The widow was perched on her rocking chair, the same she had been sitting in when her faithful departed husband had dropped dead of a heart attack four years ago. She had on her thick glasses and clutched the letter Aloysius had been told was waiting for him at the post office and had now brought to her for reading.
She steeled herself with a deep breath and began: “Dear Aloysius, I am writing from Rome, where I have enlisted in a cell of the Red Brigade. You might not have heard of the Red Brigade in Jamaica, but we are a political group fighting for the rights of poor people here and everywhere else in the world. At the moment I am living in the basement of a house in a suburb of Rome. I do not go out very much because the police are everywhere looking for us.
“I think of you often. Most often of all, I think of . . . nastiness, filthiness . . . Do you remember the days when we used to . . . more nastiness, more filthiness.”
The widow turned the page, glanced at Aloysius and mut
tered grimly, “A whole page of filthiness.”
She dismissed a paragraph on the next page with, “A paragraph of nastiness.”
Finally she found a clean passage and began reading again.
“My father tried to have me committed to an institution in Berne, which is in Switzerland. I pretended that I would go and accept his decision. But I managed to escape the two men he had hired to take me there. Since then I have been living in Italy with friends.
“I am sorry that everything turned so bad for you. I am also sorry that Service was such . . . nastiness and filthiness. I do not know even to this day why I let him come and live with us because he was . . . nastiness and filthiness.”

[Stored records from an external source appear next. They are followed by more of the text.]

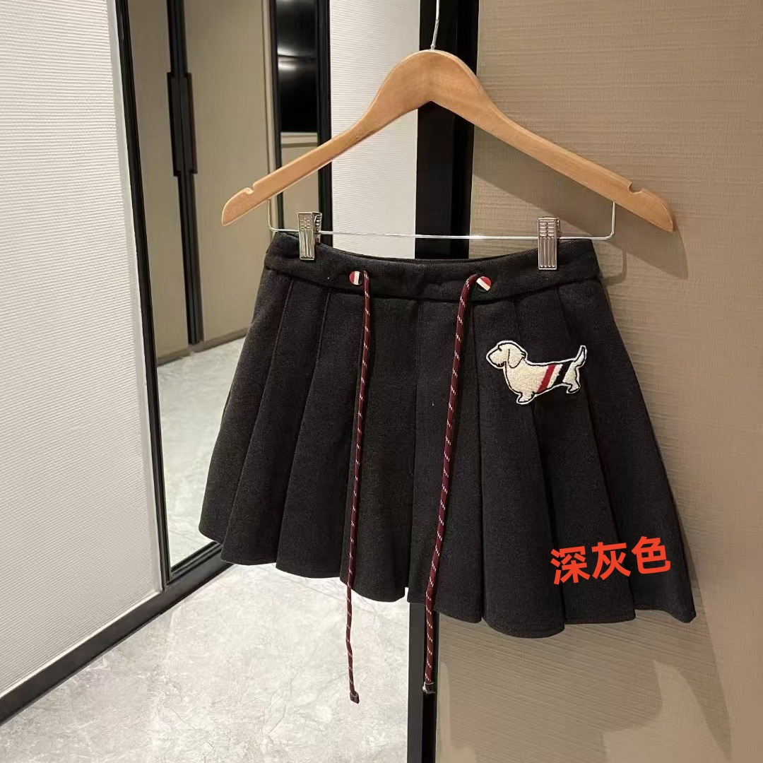 • 드로스트링 모직 플리츠 스커트. 회색.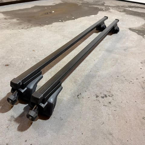 Pakken kommer med føtter og nøkler, men er godt brukt og kommer rett fra flere sesonger på taket på en Sharan så du må du regne med å vaske og smøre opp.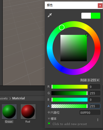 再次使用相同方法建立一個「Green」材質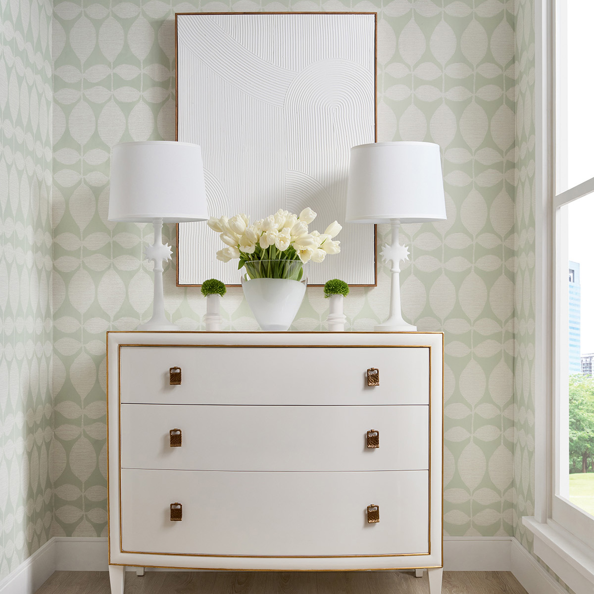 Lola features a large-scale organic leaf design, exuding a softness with its curved lines. Lola's playfully sophisticated pattern exhibits movement and texture in the ink from its surface printing method.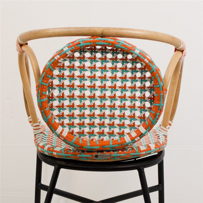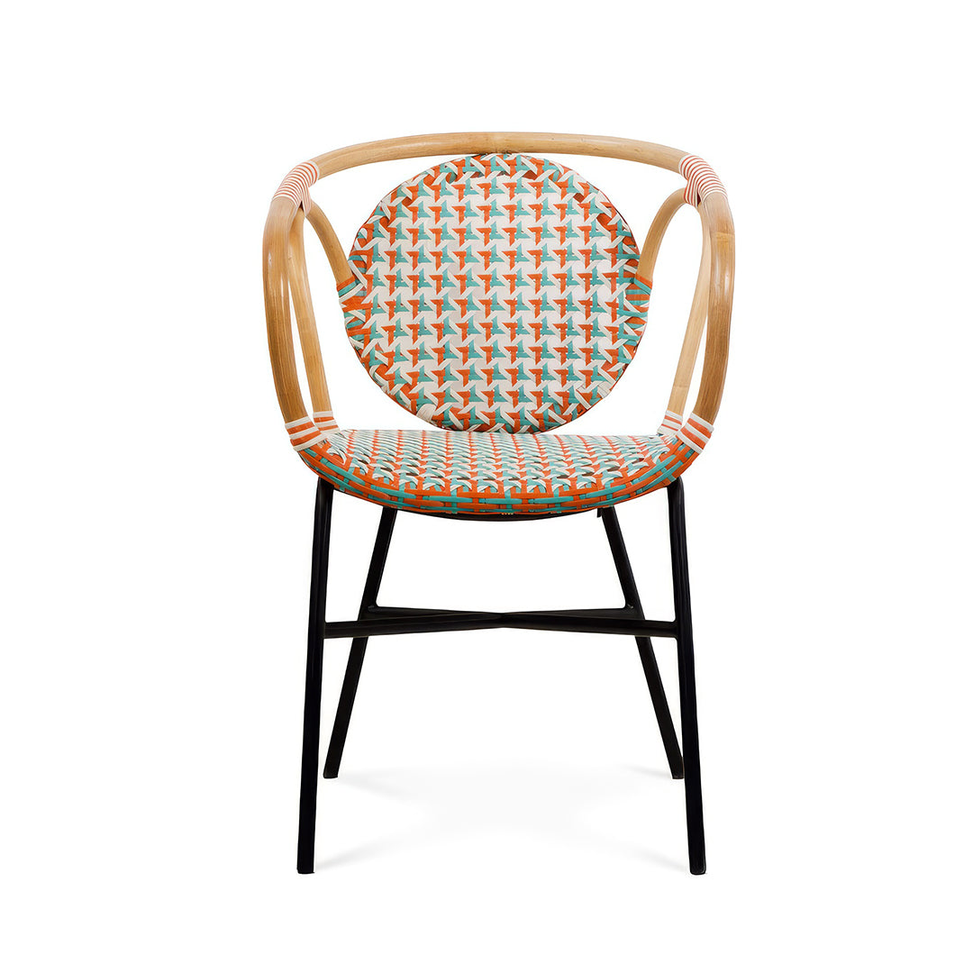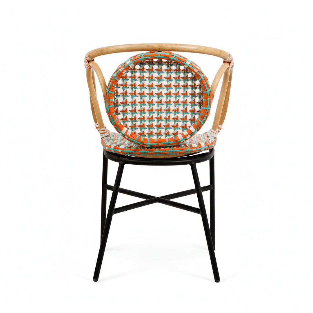 Su diseño envolvente y proporciones cuidadosamente estudiadas ofrecen una experiencia de asiento cómoda y estable, ideal para restaurantes, cafés y hoteles que buscan diferenciarse con un mobiliario de personalidad propia. La estructura de hierro aporta firmeza y durabilidad, mientras que el ratán trabajado a mano introduce textura, ligereza visual y un aire sofisticado que eleva cualquier ambiente.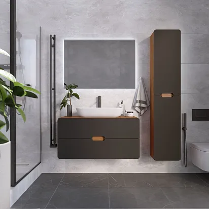 Черный подвесной пенал - современное минималистичное решение для ванной. Плавные скругленные углы символизируют гармонию, создают ощущение легкости и безопасности. Это особенно актуально в ванной комнате, где важно чувствовать себя комфортно и расслабленно. Черный фасад придает мебели строгость, в то время как древесный ореховый корпус добавляет теплоты и натуральности. Такое сочетание создает контрастный и изысканный интерьер, который подчеркивает индивидуальность комнаты.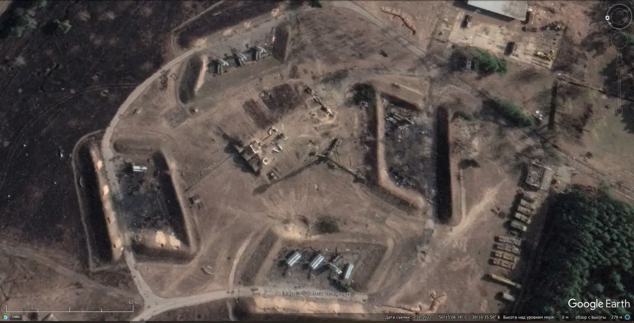 Спутниковый снимок Googlе Еarth: позиция ЗРС С-300ПТ в 8 км западней авиабазы Васильков. Снимок сделан в марте 2022 года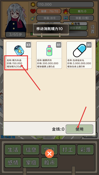 4、在道具界面选择【精力补品】,消耗对应金钱后点击【使用】,可增加20点精力,支撑后续玩法操作。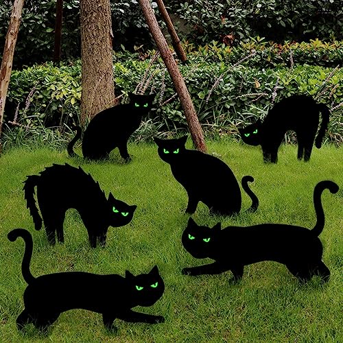 Glow-in-Dark Black Cat Yard Signs: Illuminate your yard with these mysterious black cat signs. Their glow-in-the-dark eyes pierce through the night, creating an enchanting yet eerie sight.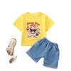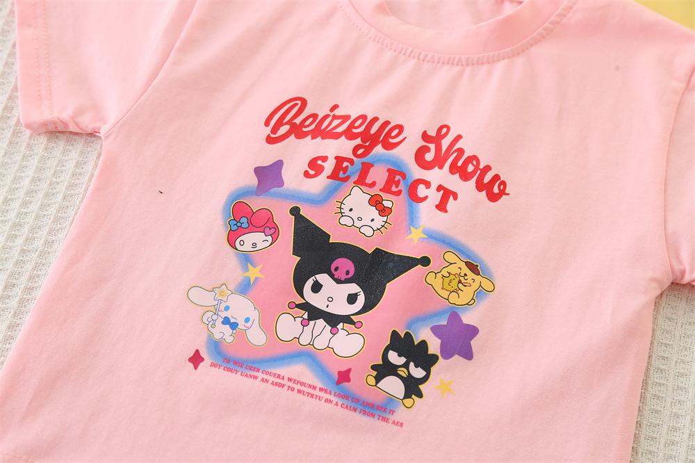 Pink cartoon five-pointed star short sleeve suit, White cartoon five-pointed star short-sleeved suit, Yellow c...

The widow paused and drew a cleansing breath.
Aloysius fidgeted and peered over her shoulder at the words scrawled on the page and wished with all his heart that he himself could read them and see what lay under the “nastiness and filthiness” that gave the widow such discomfort.
“I do not know if I will ever again come to Jamaica,” the widow read.
“I sincerely hope not,” she sniffed.
“In fact, I do not know how my life will turn out and how it might end. That stupid old man who controls us all . . .”
“What old man does she mean?” the widow wondered.
Aloysius squirmed. “God.”
“God? She calling God Almighty a stupid old man? You sure is God she mean?”
“Yes, ma’am. Dat what she call God.”
“But what a nerve of dis dirty woman,” the widow declared angrily, “to write dat way about God!”
“Beg you finish de letter for me, ma’am.”
“You not going catch me talking about God in dat way. No sirreehheee. Not dis woman.”
“Just pass over dat part, please.”
“I only doing dis because is you, Aloysius,” the widow said piously. “No man going make dis woman commit sin.”
“Me not making you commit sin, ma’am.”
“In fact, I do not know how my life will turn out and how it might end. Nastiness . . . who controls us all will no doubt have some tricks in store for this sheep. But I still show him my teeth in the pasture.”